Albin Dittli said the plant itself is beautiful - about four feet tall bearing tiny purple flowers.
"A plant produces about 60,000 seeds per plant," he said. "It's then popped or puffed in low heat," where the seed opens.
The seeds are quite tiny -- about the size of a poppy seed but the cereal mix includes a variety of items including rolled oats, sunflower kernels and brown flax seed. It comes in three forms: Delight, Pro and Supreme.
Amaranth Delight and Amaranth Pro are available with chunks of dried pineapple, apricots, pears, cranberries or mango. There is also a raisin apple variety. Delight can also be ordered with freeze-dried strawberries and the Supreme variety is only available with strawberries and bags range from $10 to $13 a bag for 13 to 17 servings.
Like any good salesman, Bradford said he likes all the flavors, saying they are just different enough to give variety to what you are eating but he did note a preferred flavor.

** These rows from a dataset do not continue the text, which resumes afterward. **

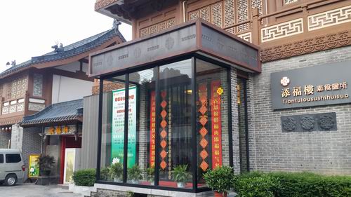 中山北路に近い木竜湖の湖畔に新しくオープンした精進料理の店は「添福楼」という看板が掛かっています
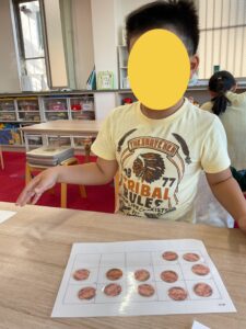 - 10円玉を一つずつ指差し、1対1対応 を意識して数える
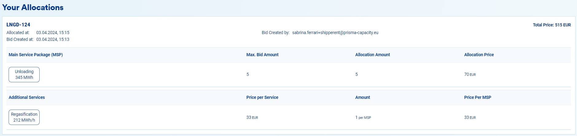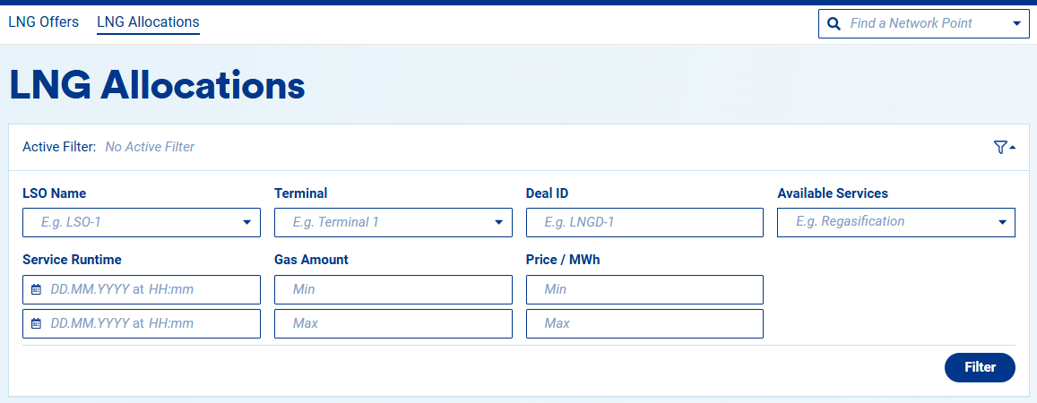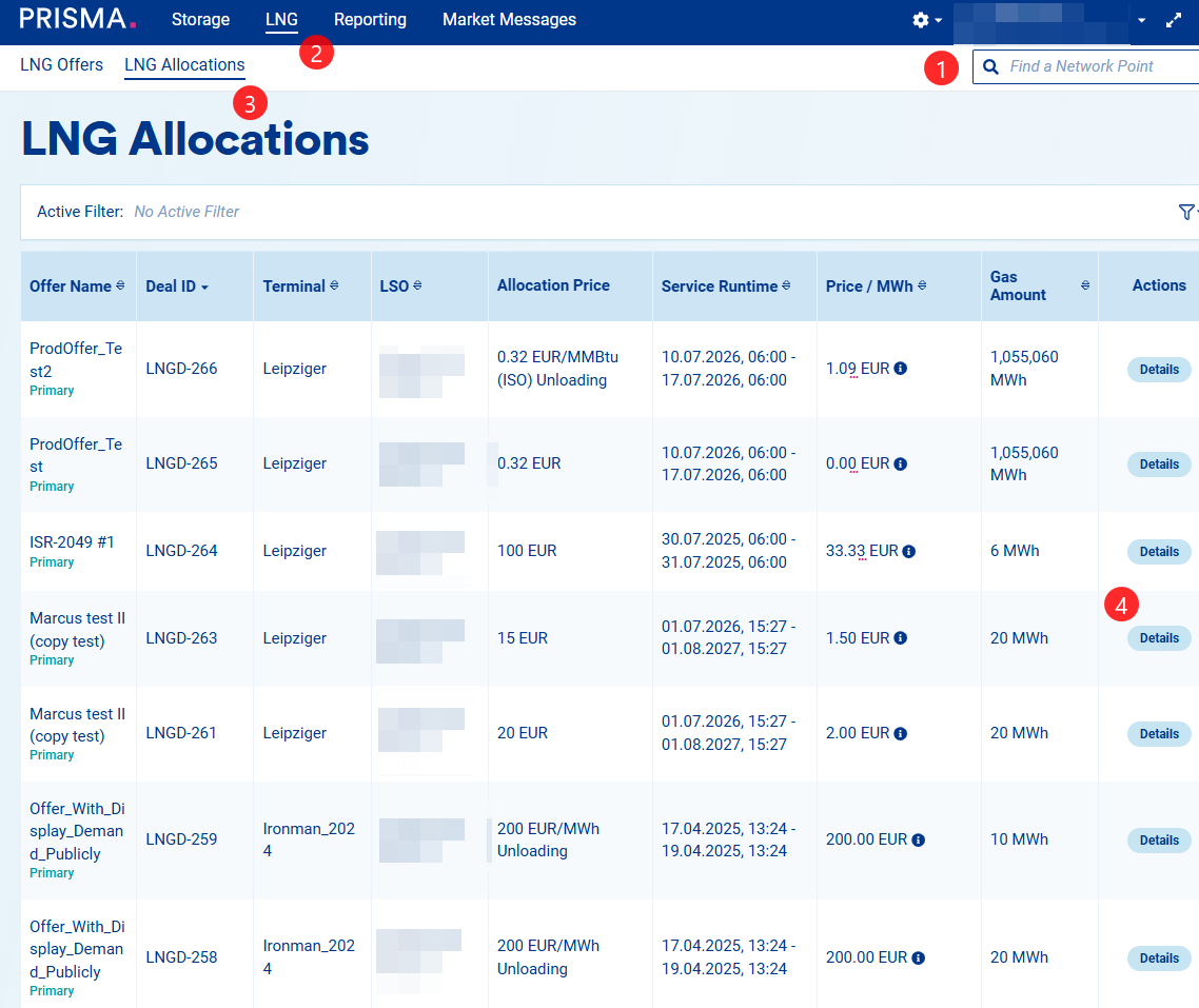 As a shipper user, you can view your company’s allocations in the LNG section, under the LNG Allocations tab. There, you will find all information related to your allocations. Please note that you must have a valid assignment to the LSO, or the permission “Read LNG allocations as a shipper”, in order to see these details.
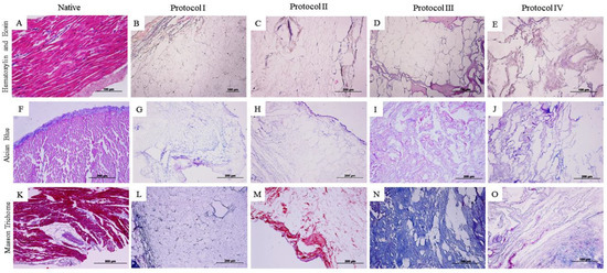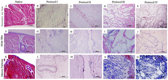 Histological images of the canine myocardium (right ventricle) stained in Hematoxylin and Eosin (A–E), Alcian Blue (F–J), and Masson’s Trichrome (K–O). (A,F,K): native myocardium; (B,G,L): decellularized myocardium using 1% Sodium Dodecyl Sulfate (SDS) for 7 days; 1% Triton-X-100 for 48 h; (C,H,M): 1% Sodium Dodecyl Sulfate (SDS) for 5 days, 1% Triton X-100 for 48 h; (D,I,N): Trypsin 0.05% for 1 h at 36 °C, freeze −80 °C overnight, 1% Sodium Dodecyl Sulfate (SDS) for 3 days, Triton X-100 for 48 h; (E,J,O): Trypsin 0.05% for 1 h at 36 °C, freeze −80 °C overnight, 1% Sodium Dodecyl Sulfate (SDS) for 2 days, 1% Triton X-100 for 24 h.

"My all time favorite is the freeze-dried strawberry," Bradford said. "There's a zing to it."
With sales up it seems there is a following for the unique cereal. It's currently sold locally at the Herb Shop and Herbal Health Baskets in Orem, at Beehive Health Essentials and Nuño's in Spanish Fork, and most recently, at Christopher's Herb Shop on Main Street in Springville. Several locations of Gold's Gym also carry various products.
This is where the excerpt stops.